Sword Points Offer II 004. A number that only appears once
You are given an integer array nums. Except for an element that appears only once , each element appears exactly three times. Please find and return the element that appears only once.
Difficulty: Moderate
示例 1:
输入:nums = [2,2,3,2] 输出:3
示例 2:
输入:nums = [0,1,0,1,0,1,100] 输出:100
提示:
● 1 <= nums.length <= 3 * 104
● -231 <= nums[i] <= 231 - 1
● nums 中,除某个元素仅出现 一次 外,其余每个元素都恰出现 三次
Knowledge point: Bit operation array
Method 1: Bit operations
analyze:
For counting the number of occurrences of numbers, you can think of a Hash table, but this does not use the feature that each element appears exactly three times. Or the time complexity of using sorting and then performing statistics may be higher than O(n). But if you have no ideas during the interview, you can answer the question first and let the interviewer guide you to continue answering.
There is a simplified version of this question similar to "In the input array, except for one number that appears only once, all other numbers appear twice. Please find the number that only appears once." The result of XORing any number with itself is 0. If you XOR all the numbers in the array, the final result is the number that appears only once.

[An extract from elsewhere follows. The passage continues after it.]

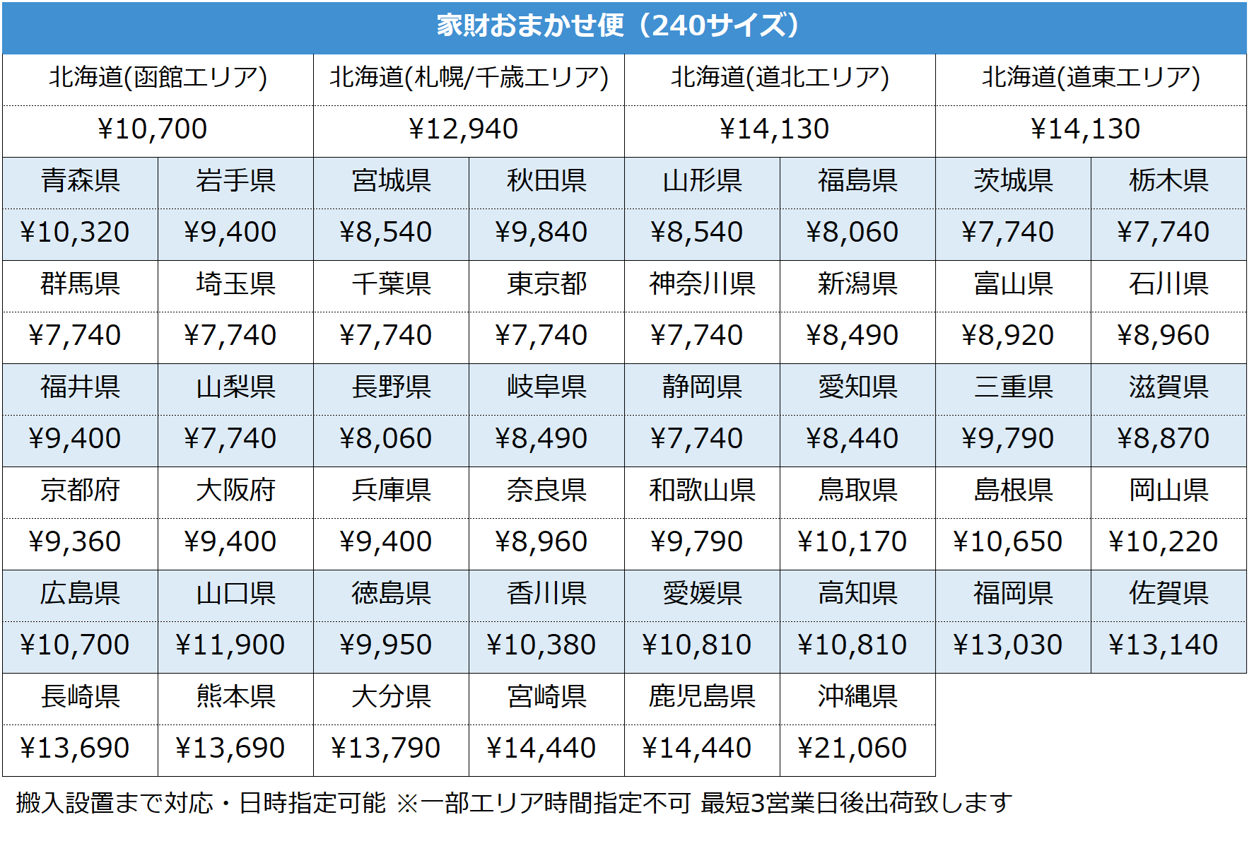 以下配送方法をご案内させて頂きます。 ご落札金額(税込み)+送料の合計をお支払下さい。 ※複数点ご購入の場合、落札数量×都道府県別料金=送料金額となります。 |

Consider the binary form of a number. Add the digits at the same position of all numbers in the array.
If the numbers that appear three times are taken out separately, then the sum of any i-th digit of these numbers that appear three times can be divisible by 3. Therefore, if the sum of the i-th digits of all numbers in the array is divisible by 3, then the i-th digit of a number that appears only once must be 0; if the sum of the i-th digits of all numbers in the array is divisible by 3 If the remainder is 1, then the i-th digit of a number that appears only once must be 1.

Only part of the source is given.